◆ **Material provided**
--------------------------------
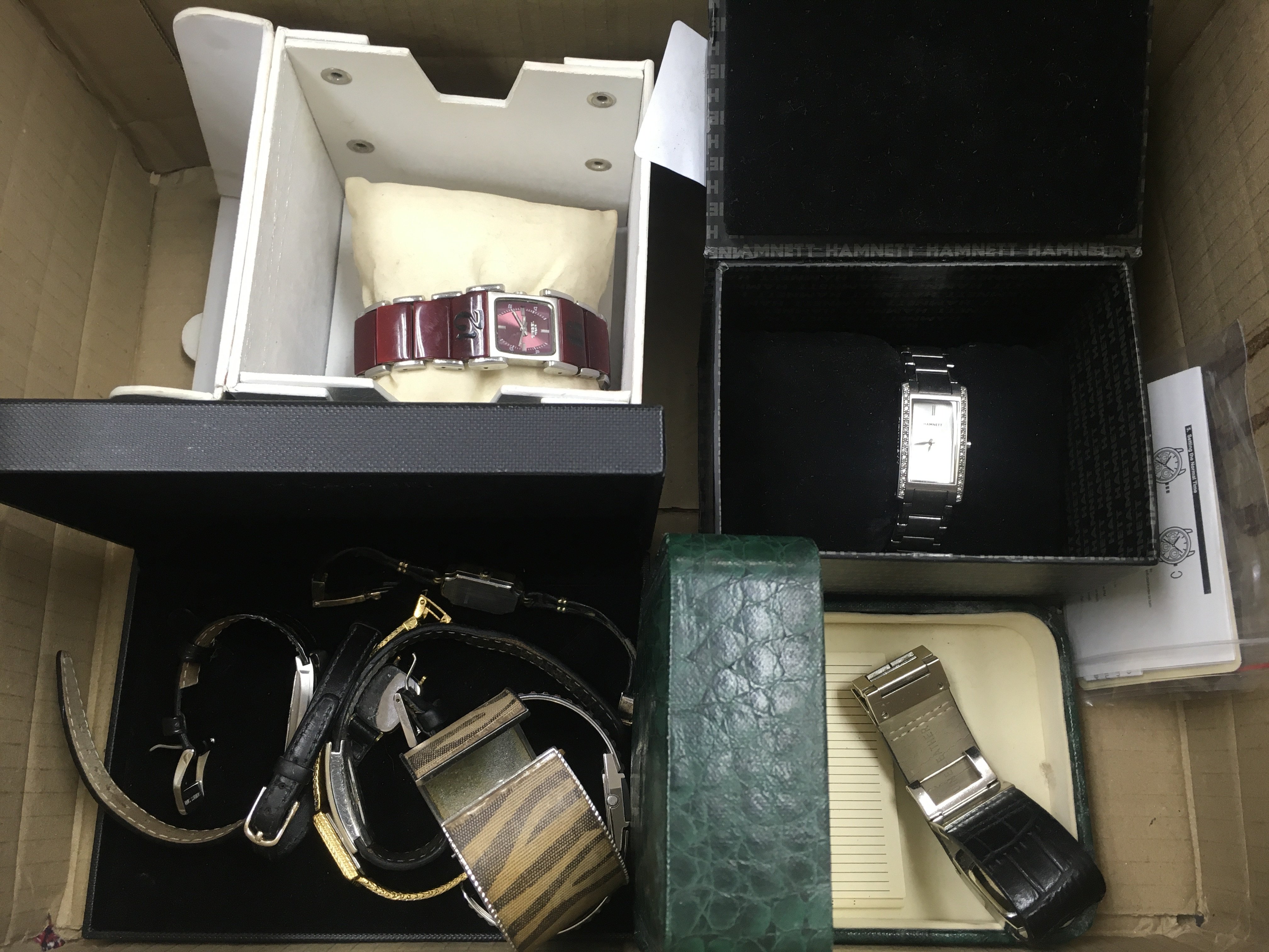 A box of watches some unworn and boxed.Condition Report
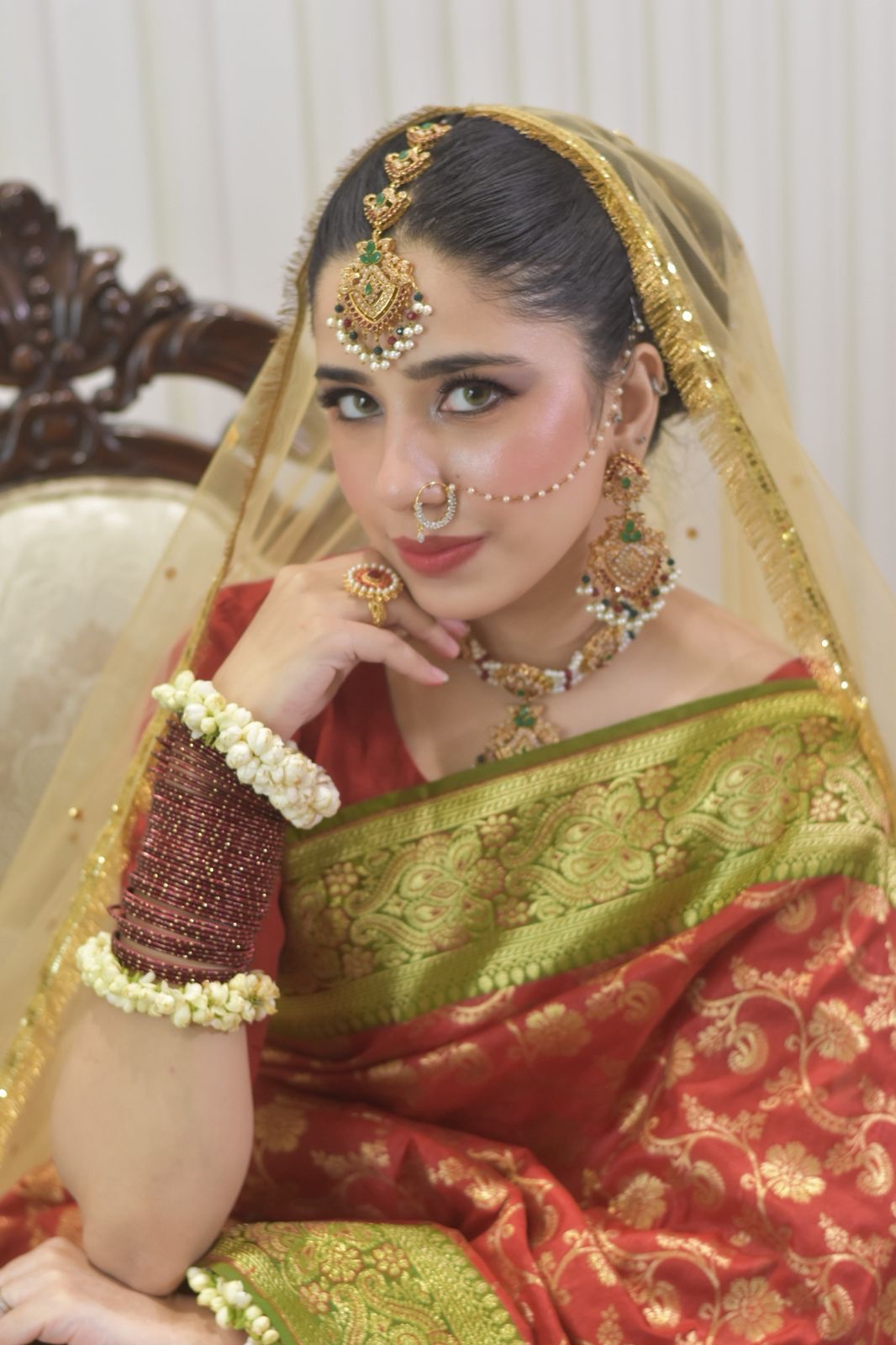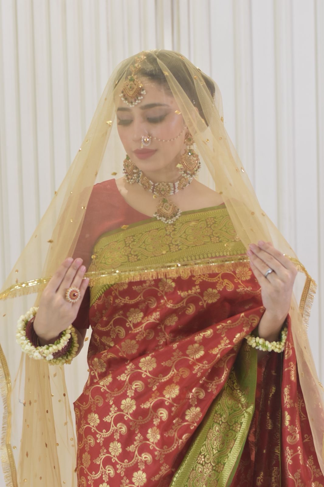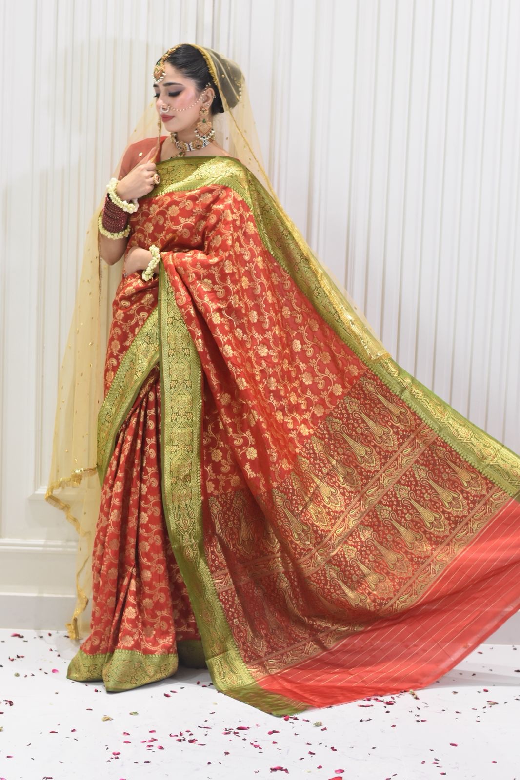 Husna is a premium Red Banarsi silk saari that exudes timeless elegance. The saari’s body is smooth and lustrous, highlighted by the lavish gold zari border and richly woven pallu, creating a striking interplay of color and craftsmanship. Traditional motifs and fine weaving give it a heritage charm, making it an heirloom-worthy piece.
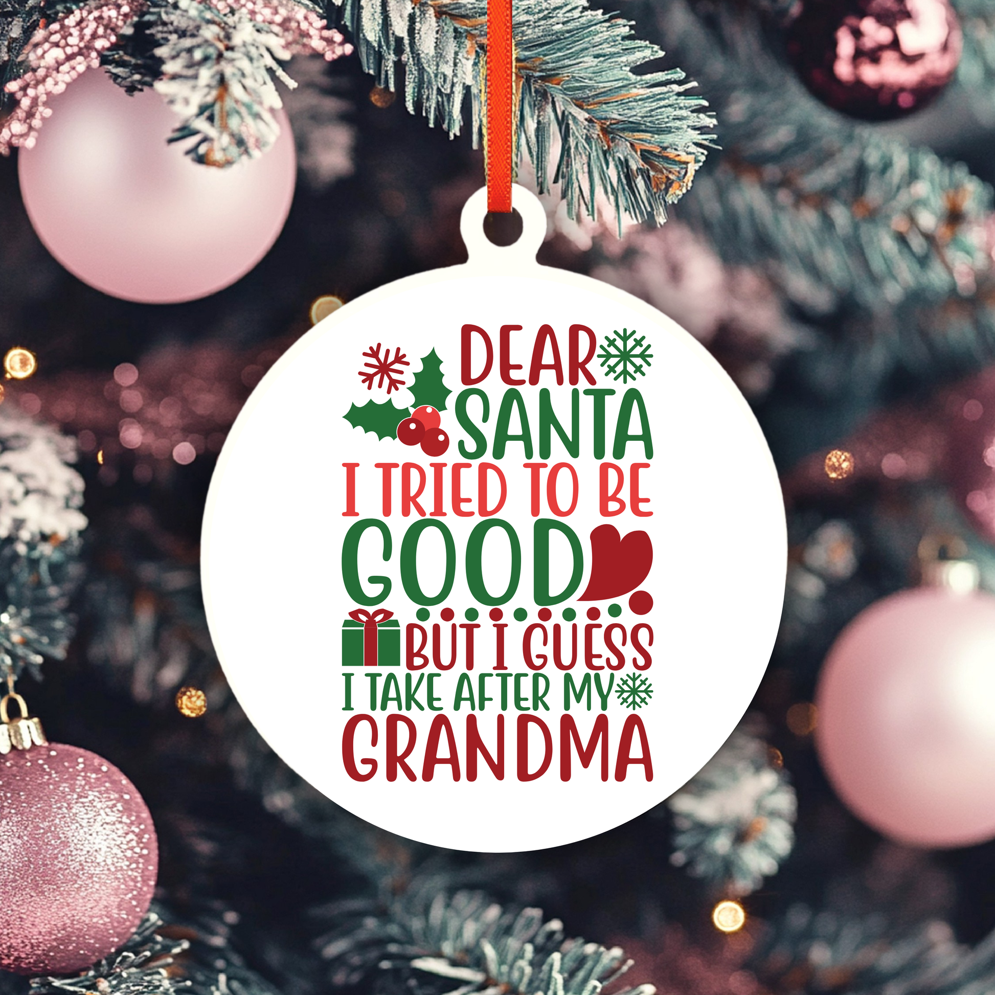 Celebrate your mischievous side with the "I Tried To Be Good" Ornament. This funky addition to your holiday decor features a playful double meaning, as well as the classic phrase "I guess I take after my grandma." Bring a humorous touch to your tree with this quirky ornament.
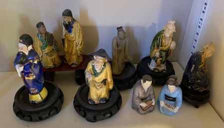 Group of Chinese Mudmen Pottery Figurines, hand crafted, hand painted, some with bases, Location Living Room 2 Group of Chinese Mudmen Pottery Figurines, hand crafted, hand painted, some with bases, Location Living Room 2
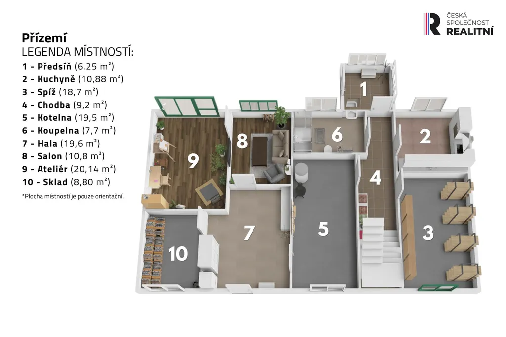 Přízemí (cca 130 m²) tvoří technické zázemí (sklep, kotelna, prádelna, sklady) a možnost vybudování samostatné bytové jednotky nebo atelieru či kanceláře
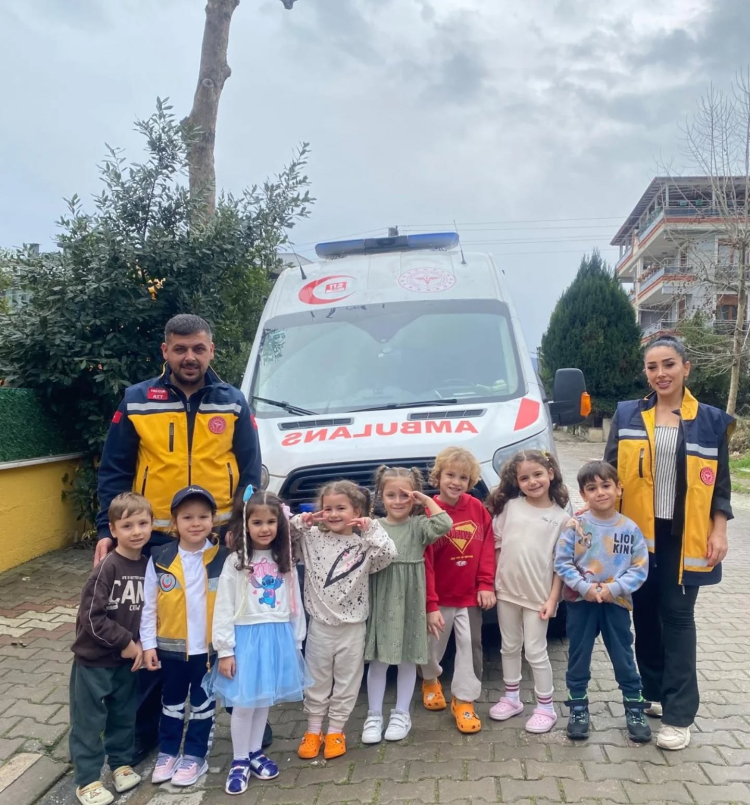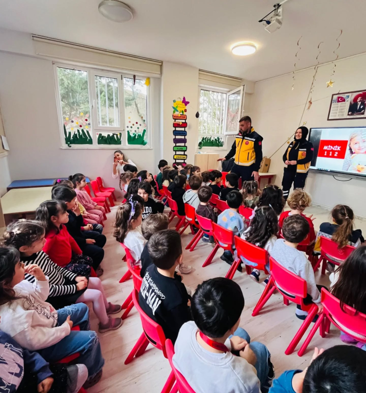 Etkinlik kapsamında 112 Acil Çağrı Hattı’nın hangi durumlarda aranması gerektiği, temel ilk yardımın önemi, küçük yaralanmalarda yapılması gerekenler ve acil sağlık ekiplerinin görev ve sorumlulukları hakkında bilgilendirme yapıldı. Minik öğrenciler, merak ettikleri soruları sorma fırsatı bulurken, gerçek hayatla bağlantılı uygulamalı anlatımlar sayesinde unutamayacakları bir deneyim yaşadı.
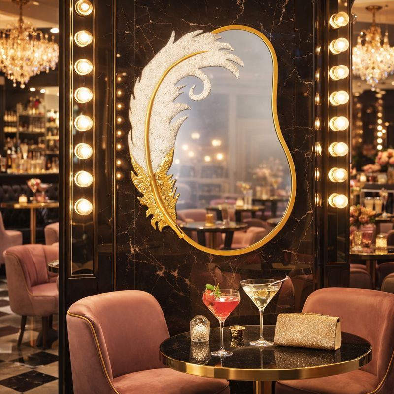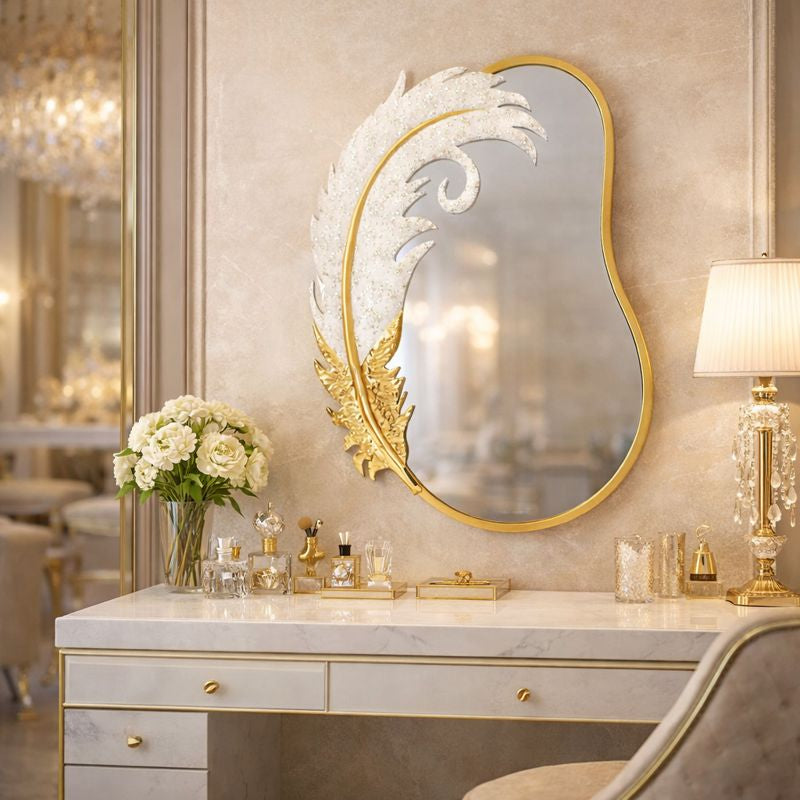 Bring a touch of Hollywood glam to your home with the Decorative Feather Design Decorative Wall Mirror. This stunning piece combines an organic, asymmetrical silhouette with a masterfully crafted metal feather overlay. The crisp white and radiant gold finish creates a sophisticated focal point that elevates any room, from modern entryways to chic glam bedrooms.
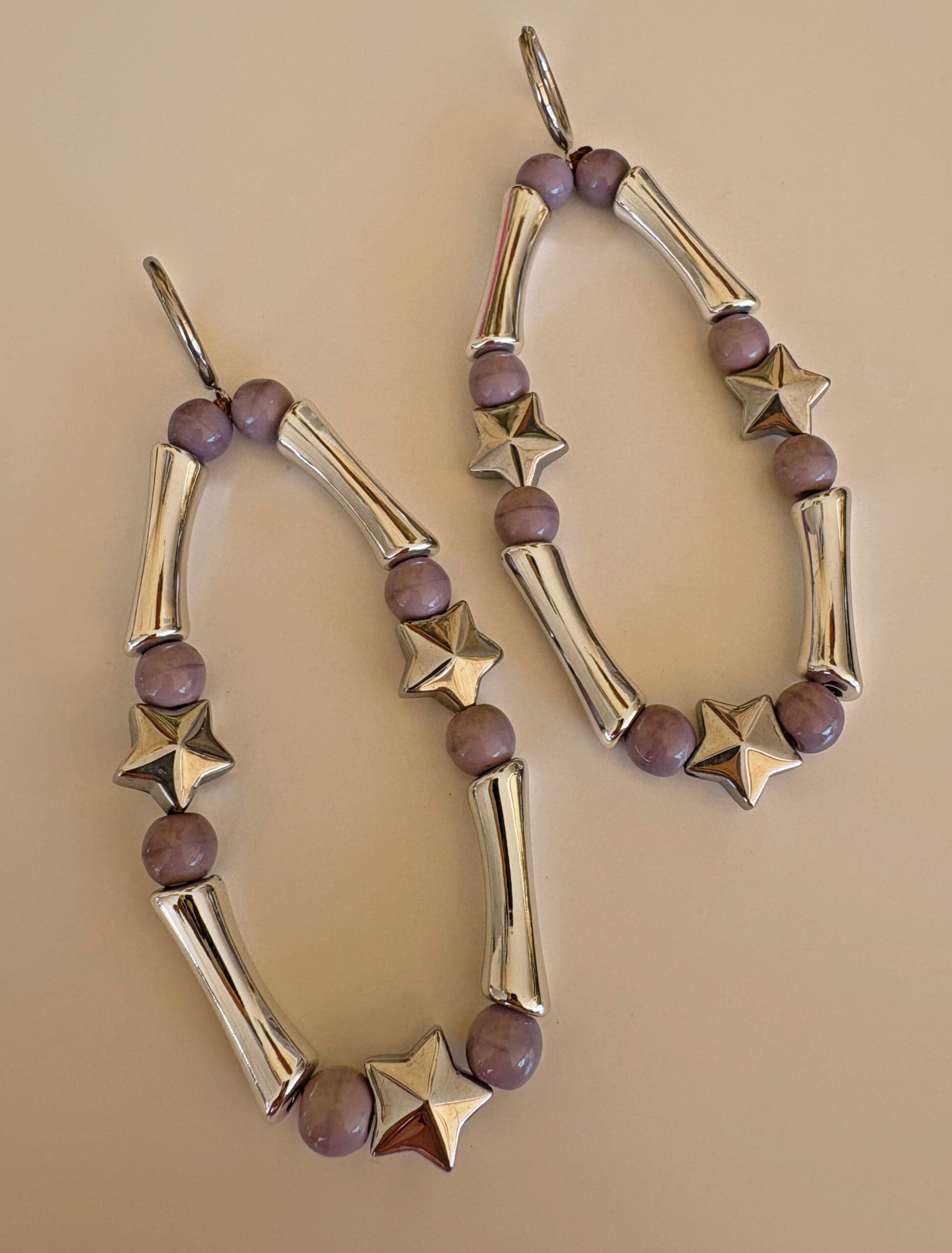 Μεγάλα, εντυπωσιακά σκουλαρίκια με ασημί και μωβ χάντρες και κρυστάλλινα αστέρια.
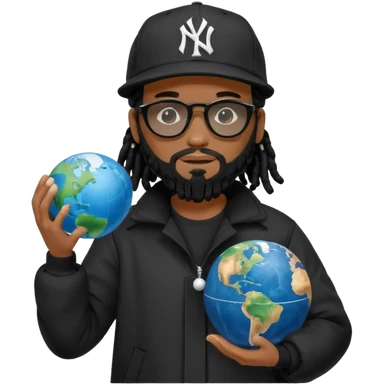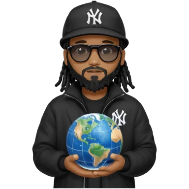 African American man with shoulder length black dreadlocks with black beard wearing black sunglasses wearing a black New York Yankees logo baseball cap wearing a black bubble winter coat holding a Globe in his hands emoji
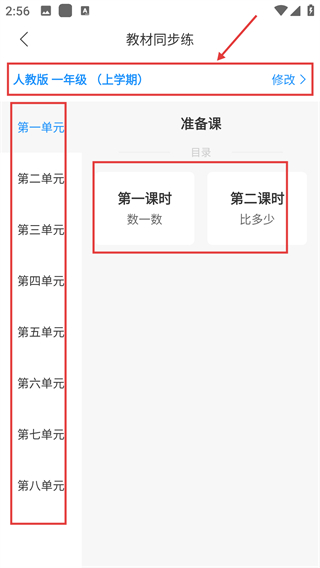 2、进入资料页后,选择对应教材版本和单元,就能看到该单元下的课时练习内容啦。
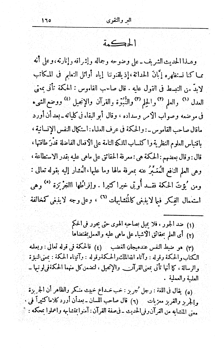وهذا الحديث الشريف - على وضوحه وجماله وإشراقه وإنارته، وعلى أنه ممّا كنّا نستظهره إبّان الحداثة، إذ يلقّنوننا إيّاه أوائل التعليم في المكاتب لا بدَّ من التبسّط في القول عليه. قال صاحب القاموس: الحكمة تأتي بمعنى العدل والعلم والحلم والنبوة والقرآن والإنجيل ووضع الشيء في موضعه وصواب الأمر وسداده، وقال أبو البقاء في كلياته - بعد أن أورد ما قال صاحب القاموس -: والحكمة في عرف العلماء: استكمالُ النفس الإنسانية، باقتباس العلوم النظرية واكتساب الملكة التامة على الأفعال الفاضلة قدرَ طاقتها، قال: وقال بعضهم: الحكمة هي: معرفة الحقائق على ما هي عليه بقدر الاستطاعة، وهي العلم النافع المعبَّر عنه بمعرفة ما لها وما عليها، المشار إليه بقوله تعالى: {وَمَن يُؤْتَ الْحِكْمَةَ فَقَدْ أُوتِيَ خَيْراً كَثِيراً}. وإفراطُها الجَرْبزة وهي استعمال الفكر فيما لا ينبغي كالمتشابهات، وعلى وجه لا ينبغي كمخالفة
--------------------------------
◆ **Work request**
Pictures are to be dropped, and the remaining data set down exactly.

◆ **Output below**
 A box of watches some unworn and boxed.Condition Report
 Husna is a premium Red Banarsi silk saari that exudes timeless elegance. The saari’s body is smooth and lustrous, highlighted by the lavish gold zari border and richly woven pallu, creating a striking interplay of color and craftsmanship. Traditional motifs and fine weaving give it a heritage charm, making it an heirloom-worthy piece.
 Celebrate your mischievous side with the "I Tried To Be Good" Ornament. This funky addition to your holiday decor features a playful double meaning, as well as the classic phrase "I guess I take after my grandma." Bring a humorous touch to your tree with this quirky ornament.
 Group of Chinese Mudmen Pottery Figurines, hand crafted, hand painted, some with bases, Location Living Room 2 Group of Chinese Mudmen Pottery Figurines, hand crafted, hand painted, some with bases, Location Living Room 2
 Přízemí (cca 130 m²) tvoří technické zázemí (sklep, kotelna, prádelna, sklady) a možnost vybudování samostatné bytové jednotky nebo atelieru či kanceláře
 Etkinlik kapsamında 112 Acil Çağrı Hattı’nın hangi durumlarda aranması gerektiği, temel ilk yardımın önemi, küçük yaralanmalarda yapılması gerekenler ve acil sağlık ekiplerinin görev ve sorumlulukları hakkında bilgilendirme yapıldı. Minik öğrenciler, merak ettikleri soruları sorma fırsatı bulurken, gerçek hayatla bağlantılı uygulamalı anlatımlar sayesinde unutamayacakları bir deneyim yaşadı.
 Bring a touch of Hollywood glam to your home with the Decorative Feather Design Decorative Wall Mirror. This stunning piece combines an organic, asymmetrical silhouette with a masterfully crafted metal feather overlay. The crisp white and radiant gold finish creates a sophisticated focal point that elevates any room, from modern entryways to chic glam bedrooms.
 Μεγάλα, εντυπωσιακά σκουλαρίκια με ασημί και μωβ χάντρες και κρυστάλλινα αστέρια.
 African American man with shoulder length black dreadlocks with black beard wearing black sunglasses wearing a black New York Yankees logo baseball cap wearing a black bubble winter coat holding a Globe in his hands emoji
 2、进入资料页后,选择对应教材版本和单元,就能看到该单元下的课时练习内容啦。
وهذا الحديث الشريف - على وضوحه وجماله وإشراقه وإنارته، وعلى أنه ممّا كنّا نستظهره إبّان الحداثة، إذ يلقّنوننا إيّاه أوائل التعليم في المكاتب لا بدَّ من التبسّط في القول عليه. قال صاحب القاموس: الحكمة تأتي بمعنى العدل والعلم والحلم والنبوة والقرآن والإنجيل ووضع الشيء في موضعه وصواب الأمر وسداده، وقال أبو البقاء في كلياته - بعد أن أورد ما قال صاحب القاموس -: والحكمة في عرف العلماء: استكمالُ النفس الإنسانية، باقتباس العلوم النظرية واكتساب الملكة التامة على الأفعال الفاضلة قدرَ طاقتها، قال: وقال بعضهم: الحكمة هي: معرفة الحقائق على ما هي عليه بقدر الاستطاعة، وهي العلم النافع المعبَّر عنه بمعرفة ما لها وما عليها، المشار إليه بقوله تعالى: {وَمَن يُؤْتَ الْحِكْمَةَ فَقَدْ أُوتِيَ خَيْراً كَثِيراً}. وإفراطُها الجَرْبزة وهي استعمال الفكر فيما لا ينبغي كالمتشابهات، وعلى وجه لا ينبغي كمخالفة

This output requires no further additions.